The indexing and clustering steps in Transposome use the read pair information in the FASTA/Q header. That means for paired-end data you need to have the FASTA/Q data in the expected formats. The commonly used Casava 1.8+ format as shown below

@EAS139:136:FC706VJ:2:2104:15343:197393 1:Y:18:ATCACG

or the Casava 1.3+ format (below) is what is expected.

@EAS139:136:FC706VJ:2:2104:15343:197393/1

Almost all sequencing platforms generate this format, so unless you are using a custom format (like from the SRA) there is no formatting required. If the read pair information is missing, you can easily add the information for each pair with the Pairfq tool as shown below. For the forward (first) pair,

pairfq addinfo -i s_1_1_sample_500k.fq.gz -o s_1_1_sample_500k_pair.fq.gz -p 1 -c gzip

And, for the reverse (second) pair,

pairfq addinfo -i s_1_2_sample_500k.fq.gz -o s_1_2_sample_500k_pair.fq.gz -p 2 -c gzip

Next, interleave for the analysis (again, using Paifq):

pairfq joinpairs -f s_1_1_sample_500k_pair.fq.gz -r s_1_2_sample_500k_pair.fq.gz -o s_1_sample_1m_interl.fq.gz -c gzip

You can find out more about this tool on the Pairfq github page or the site wiki page.
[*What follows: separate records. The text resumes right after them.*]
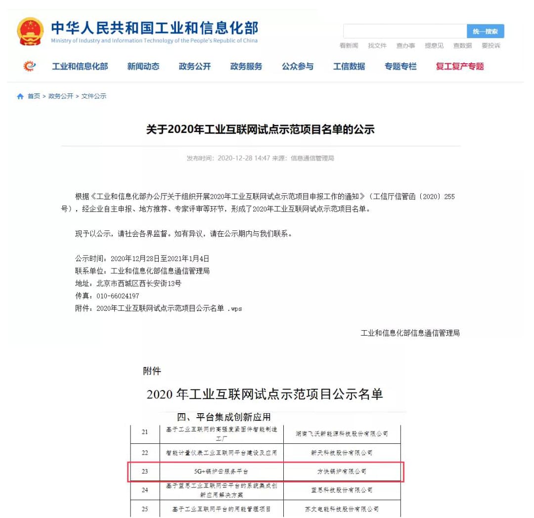 12月28日,由國(guó)家工信部公示了2020年工業(yè)互聯(lián)網(wǎng)試點(diǎn)示范項(xiàng)目名單。方快鍋爐有限公司申報(bào)的“5G+鍋爐云服務(wù)平臺(tái)項(xiàng)目”憑借過(guò)硬的技術(shù)平臺(tái)和超前的行業(yè)運(yùn)作模式成功入圍。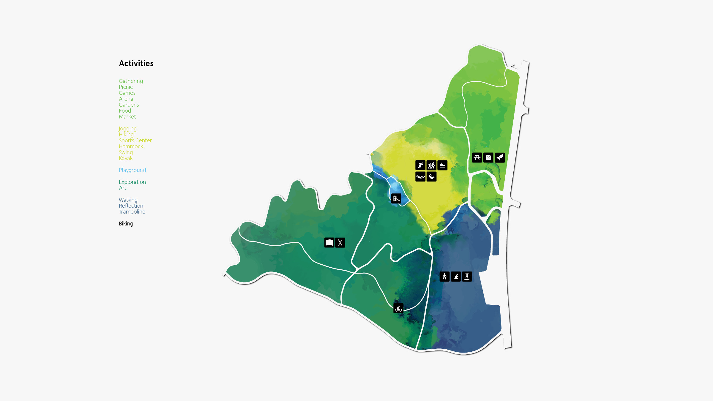 Five main zones, each with their own distinct qualities, are designed to provoke emotion. The Plaza, at the entrance of the park, presents nature as a place for collective experience and gathering. Interaction and play are encouraged through a series of interventions spread throughout: swings and hammocks sway above the bed of the forest (The Loop); giant ball pits, inspired by Turkish spice markets, invite people to dive in (The Pool); a footpath floats above the ground and twists around tree trunks into giant loops with trampolines at the center (The Chords). The Grove, a maze-like trail pollinated with sculptures that relate to the landscape, spurs exploration, while The Fountain of Clarity, a cube-shaped frame that sends water down all four sides and opens via hydraulic piston to envelop oncomers, prompts reflection.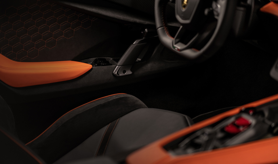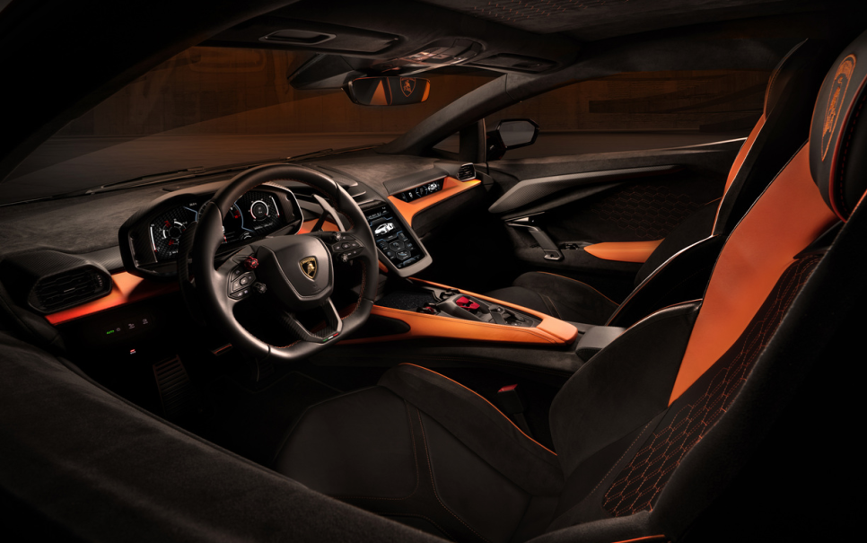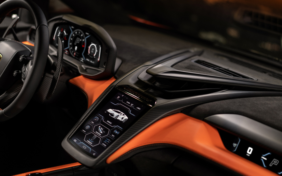 람보르기니 레부엘토의 실내디자인은 전통적인 람보르기니의 투박한 레이아웃에서 벗어나 미래지향적인 디지털 인터페이스 중심의 구조로 재구성되었습니다 중앙 12.3인치 클러스터를 통해 필요한 정보를 직관적으로 확인할 수 있고 조수석에는 별도의 9.1인치 디스플레이가 적용되어 주행 정보 공유 경험을 제공합니다. 확실히 현대적인 인테리어 구성을 잘 갖추고 있죠.

Note that this step is not necessary for single-end data. However, for short, paired-end data, the cluster merging process of Transposome, which is one of the main improvements over RepeatExplorer, will not work without the pair information provided in the sequence name. There will also be warnings during the cluster merging process if this information is not found.